Value of IPACK block (interspace between the popliteal artery and the capsule of the posterior knee) with adductor canal block in total knee arthroplasty

Abstract
Background: Acute postoperative pain after total knee arthroplasty (TKA) is so severe to the degree that necessitates proper analgesia which is one of the patients' human rights and prevents the drawbacks of pain on various body systems. Local anesthetic Infiltration between the Popliteal Artery and the Capsule of the Knee (IPACK) can represent a promising technique for management of postoperative pain in combination with adductor canal block (ACB) after TKA. Methods: Patients received an ACB (Group I) or ACB plus IPACK (Group II) as a component of a multimodal analgesic for TKA. Visual analogue scale (VAS) for postoperative pain assessment were assessed as the primary outcome and opioid consumption, time to first rescue analgesia, and patient satisfaction were assessed as secondary outcomes.
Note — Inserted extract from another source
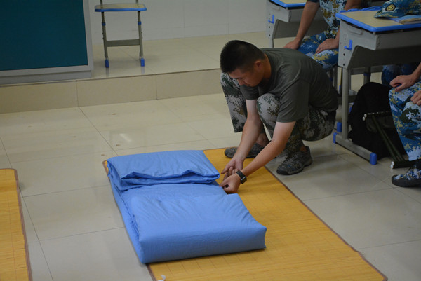 内务整理中最难上手的无疑是折叠棉被了,教官亲自示范,边操作边讲解,就折叠的尺寸、虚部掏实、压平、两次对折等手法一一讲解,当同学们看到不成形的被子被教官叠成了有棱有角的“豆腐块”时,他们惊讶、敬佩,同时也有自己能叠好被子的信心。

Results: Regarding VAS, there were nonsignificant differences between both groups in the first 8hrs postoperative, while after 8hrs postoperative and up to 48hr postoperative, VAS scores were lower in Group II. Total morphine consumption was less in Group II which had a longer time to first rescue analgesia than Group I. Patient satisfaction 48hr postoperative was higher in Group II than in Group I. Conclusion: The combination of IPACK block with ACB has the potential of being an adequate technique for management of acute postoperative pain after TKA but this needs more researches of larger samples and use of other types of local anesthetics with different volumes and concentrations.